The bottom line in all of this is, we don’t need to know anything more about what went on or didn’t during Lance’s cycling career, this was a difficult period for the sport of cycling, but then one could argue every decade has been a challenging one for the sport of cycling. Are we going to blame him for what went on during the Tour De France in 1911? Hmmm quite. 

What is truly cruel about all this is the timing when he had just been given a breathing space after the federal prosecution was closed down in February. Finally he could get on with helping to run his foundation, look after his family and also getting back to his triathlon roots.  Lance loves to compete, he is let’s face it one of the most competitive sportsmen on the planet and he is the ultimate athlete, to rob him of that outlet and also rob the rest of us from the spectacle that was Lance racing Iron man and all the attendant fun and drama inherent in that.

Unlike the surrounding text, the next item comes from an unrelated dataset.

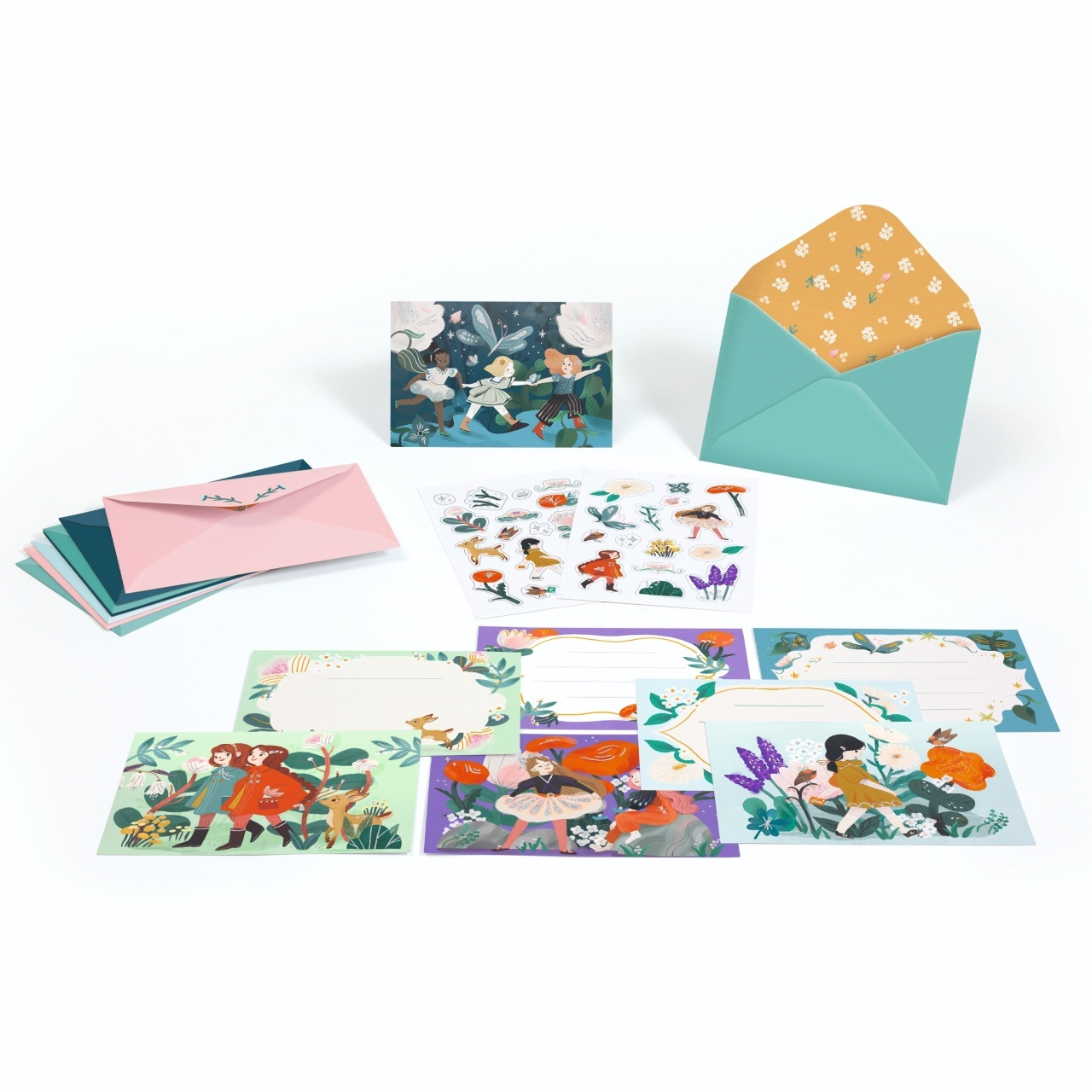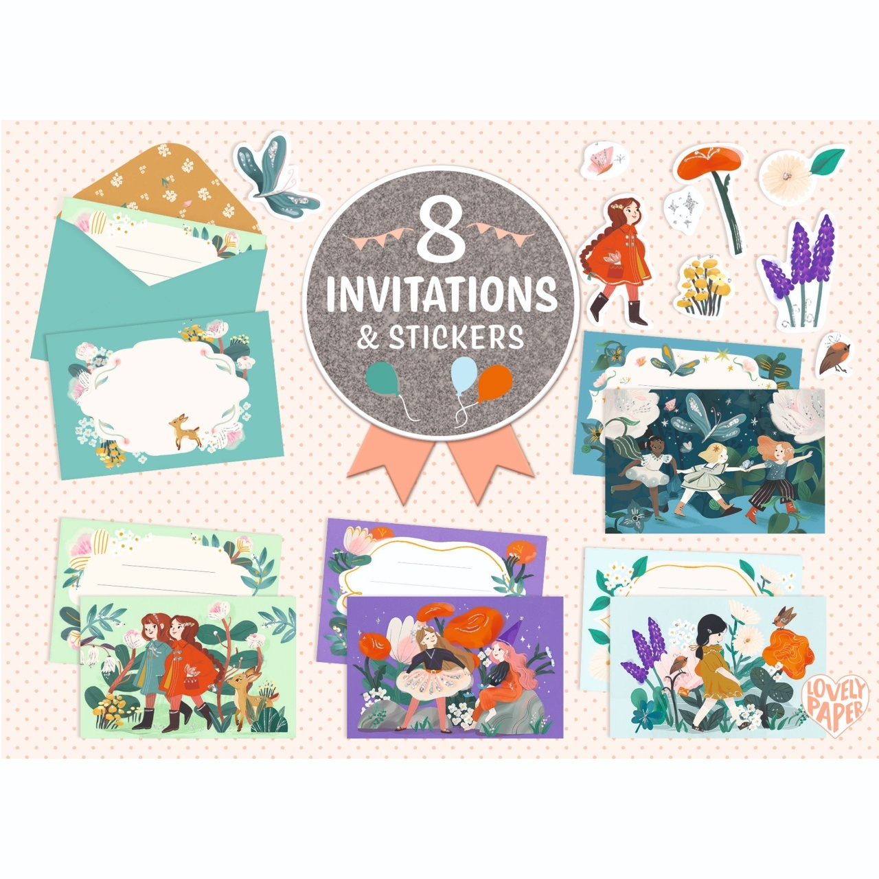 Set de invitații - Prietenii din grădină 🌸 Un set creativ și stilat, pentru copiii care doresc să creeze invitații personalizate pentru ocazii speciale! Cu ilustrații fermecătoare inspirate din natură, acest set conține tot ce au nevoie copiii pentru a crea invitații memorabile. Poți trimite un gând bun sau o invitație cu stil! Lovely Paper de la Djeco este o colecție de articole de papetărie rafinate și delicate, cu ilustrații frumoase pentru a înveseli viața de zi cu zi a copiilor și adulților. Include: 8 carduri ilustrate, 8 plicuri asortate și 2 coli de stickere tematice. Confecționat din hârtie și carton certificat FSC®. Articol decorativ. Nu este o jucărie. AVERTISMENT: Contraindicat copiilor sub 3 ani. Producător: Djeco, Franta.

Lance was bringing a lot of good in Ironman’s direction and there were also a lot of us starting to get out there and raise funds for Team LIVESTRONG Iron man so we could race in a team with Lance and also give back to LIVESTRONG and the cancer fight at the same time.

I pulled from Iron man France last year after a really bad injury I couldn’t shake, I then pulled again this March just passed from Iron man France 2012 because of the same injury that was still playing up. What changed? I went to the USA and the confidence and inspiration I got from being out in that country, first from staying with my friend in LA and then my trip to Austin with LIVESTRONG. I also stayed with my triathlon coach Claudia Spooner in Austin for an extra week and it was then it began to grow in me to try and give it a go, give it a go for Team LIVESTRONG even if I am not up to it. Liz Kreutz, Lance’s long time photographer spoke to me at the LIVESTRONG assembly and said just do it, don’t miss out on France and how amazing it will be to be out there with all of us and LIVESTRONG, she said even just train enough to do the swim. She made me realise that this was bigger than me. I was committed to my fund raising goal and to Team LIVESTRONG and of course the absolute treat of getting to be on the same race course as Lance Armstrong for a day.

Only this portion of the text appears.